• The task: Would you transcribe the records below from the line with "Bush Business Furniture" to the line with "书客在过去多年一直都为实现更", ends included, exactly and with nothing more, leaving the pictures out?

• Listed records:
- - - -

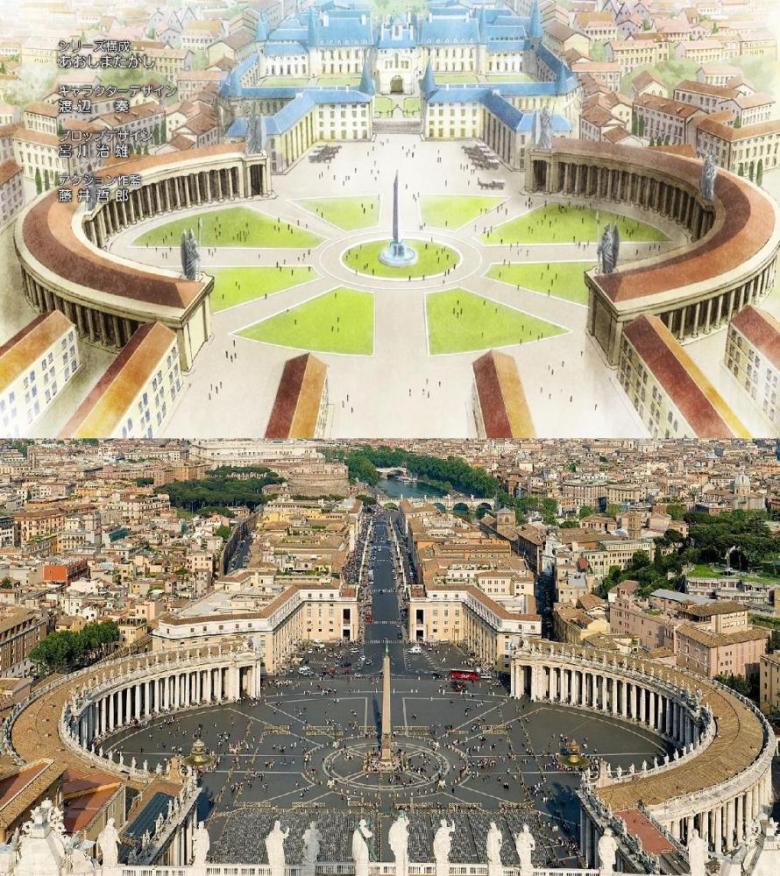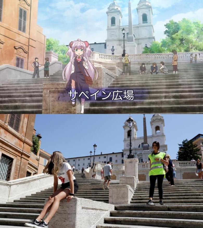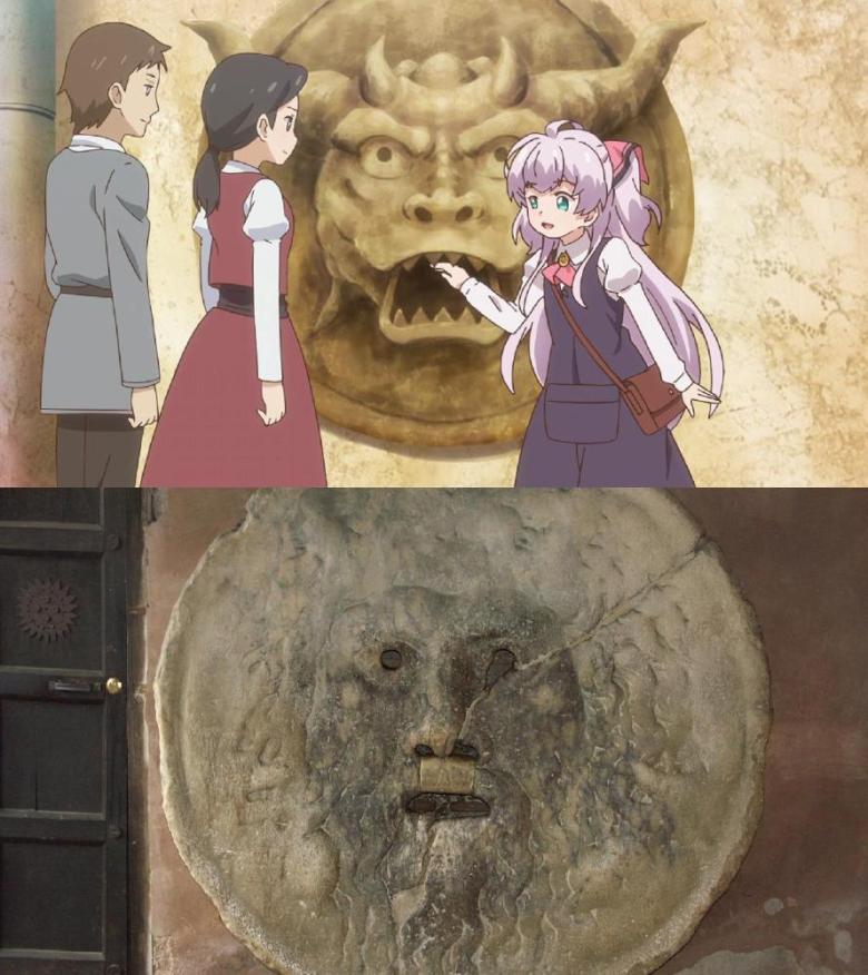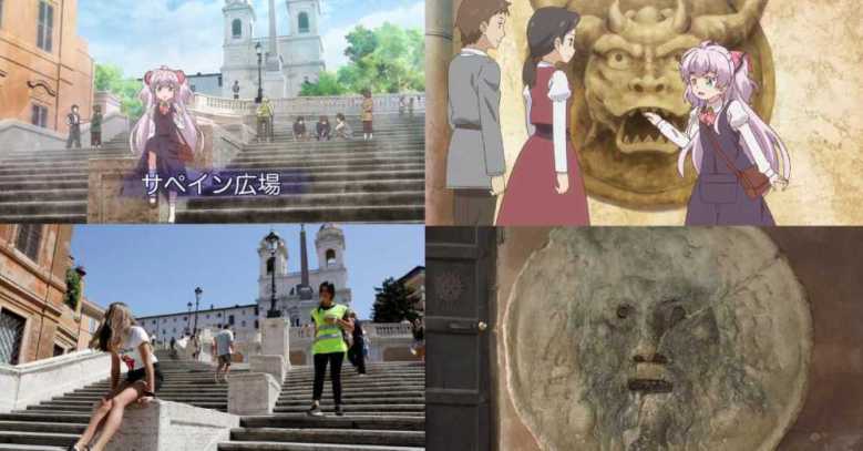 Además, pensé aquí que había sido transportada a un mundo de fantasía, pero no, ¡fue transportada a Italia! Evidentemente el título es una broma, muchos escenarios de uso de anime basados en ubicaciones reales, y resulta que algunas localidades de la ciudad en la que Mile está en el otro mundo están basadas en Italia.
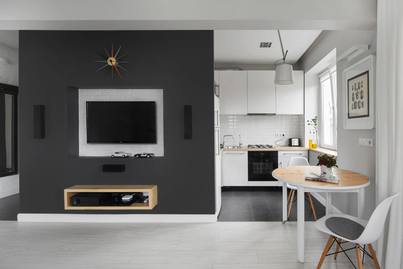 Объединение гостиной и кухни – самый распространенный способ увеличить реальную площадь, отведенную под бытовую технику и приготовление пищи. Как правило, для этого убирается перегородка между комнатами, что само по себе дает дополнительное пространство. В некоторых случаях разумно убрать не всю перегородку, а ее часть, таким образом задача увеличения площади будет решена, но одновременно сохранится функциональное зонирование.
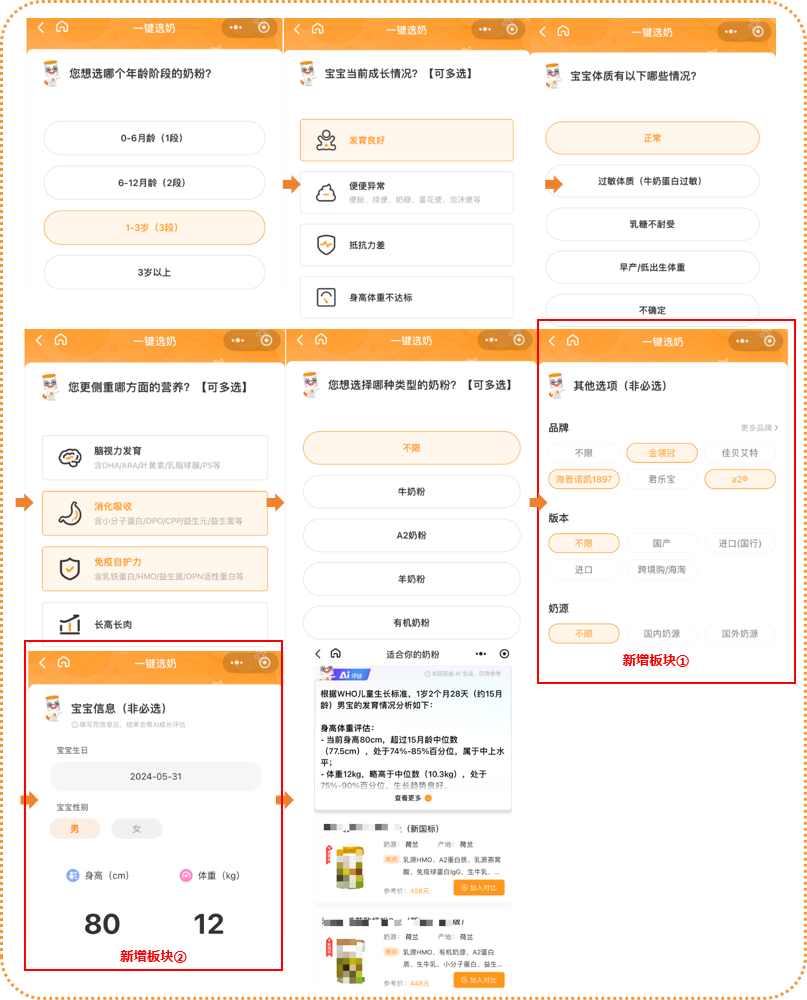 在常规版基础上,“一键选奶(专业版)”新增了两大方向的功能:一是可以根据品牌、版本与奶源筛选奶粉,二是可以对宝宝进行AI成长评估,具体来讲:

- - - -

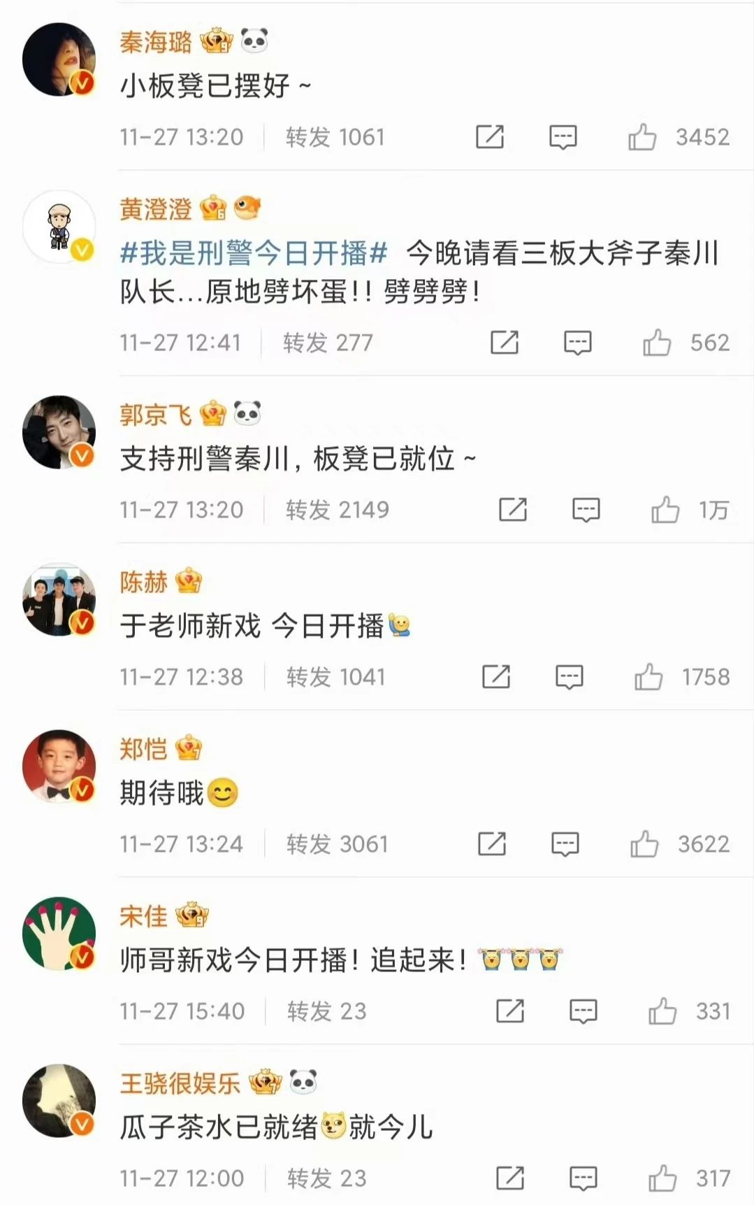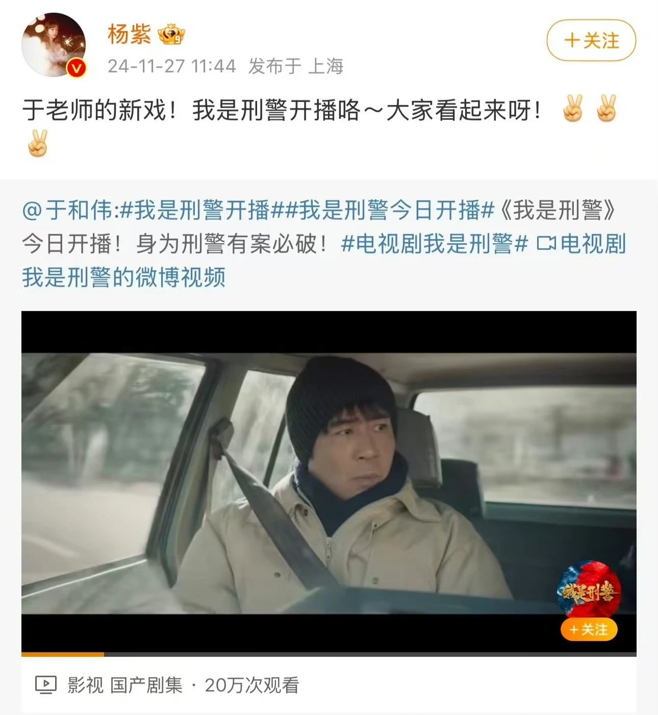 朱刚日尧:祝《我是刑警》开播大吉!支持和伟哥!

- - - -

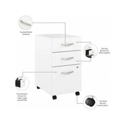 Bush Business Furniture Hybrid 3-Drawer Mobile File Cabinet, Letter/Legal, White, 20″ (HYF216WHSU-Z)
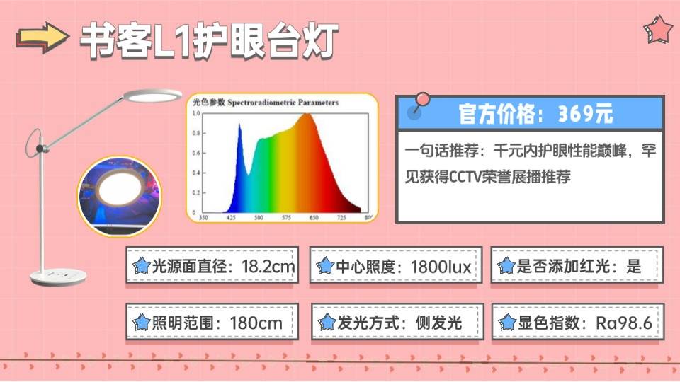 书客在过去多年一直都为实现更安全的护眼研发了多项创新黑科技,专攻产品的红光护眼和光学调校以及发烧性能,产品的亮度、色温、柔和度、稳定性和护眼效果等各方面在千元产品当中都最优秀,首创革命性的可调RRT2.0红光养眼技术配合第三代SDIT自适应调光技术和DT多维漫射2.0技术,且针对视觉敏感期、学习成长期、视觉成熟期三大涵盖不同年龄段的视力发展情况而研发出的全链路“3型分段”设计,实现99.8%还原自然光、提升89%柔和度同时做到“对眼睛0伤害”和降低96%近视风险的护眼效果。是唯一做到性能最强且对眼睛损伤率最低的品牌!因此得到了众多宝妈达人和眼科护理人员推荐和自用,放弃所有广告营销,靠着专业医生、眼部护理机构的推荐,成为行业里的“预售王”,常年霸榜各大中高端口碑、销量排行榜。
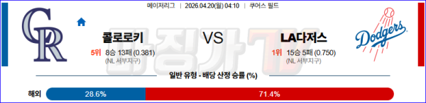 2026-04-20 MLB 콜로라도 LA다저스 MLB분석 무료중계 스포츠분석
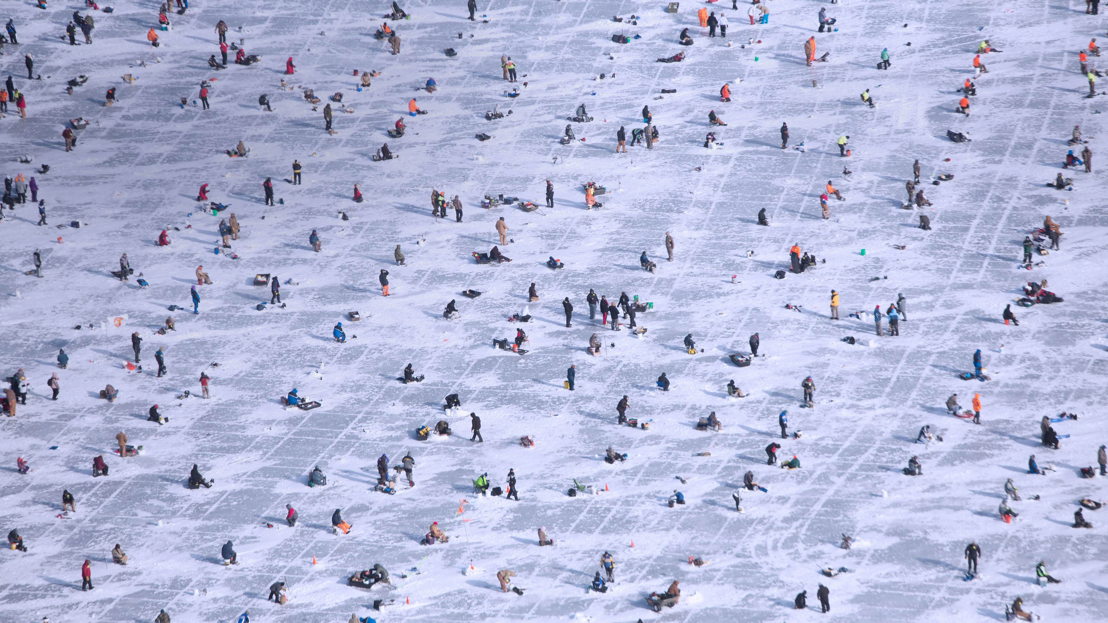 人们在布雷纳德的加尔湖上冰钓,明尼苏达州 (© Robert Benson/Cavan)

- - - -

• Solution to this problem:
 Bush Business Furniture Hybrid 3-Drawer Mobile File Cabinet, Letter/Legal, White, 20″ (HYF216WHSU-Z)
 书客在过去多年一直都为实现更安全的护眼研发了多项创新黑科技,专攻产品的红光护眼和光学调校以及发烧性能,产品的亮度、色温、柔和度、稳定性和护眼效果等各方面在千元产品当中都最优秀,首创革命性的可调RRT2.0红光养眼技术配合第三代SDIT自适应调光技术和DT多维漫射2.0技术,且针对视觉敏感期、学习成长期、视觉成熟期三大涵盖不同年龄段的视力发展情况而研发出的全链路“3型分段”设计,实现99.8%还原自然光、提升89%柔和度同时做到“对眼睛0伤害”和降低96%近视风险的护眼效果。是唯一做到性能最强且对眼睛损伤率最低的品牌!因此得到了众多宝妈达人和眼科护理人员推荐和自用,放弃所有广告营销,靠着专业医生、眼部护理机构的推荐,成为行业里的“预售王”,常年霸榜各大中高端口碑、销量排行榜。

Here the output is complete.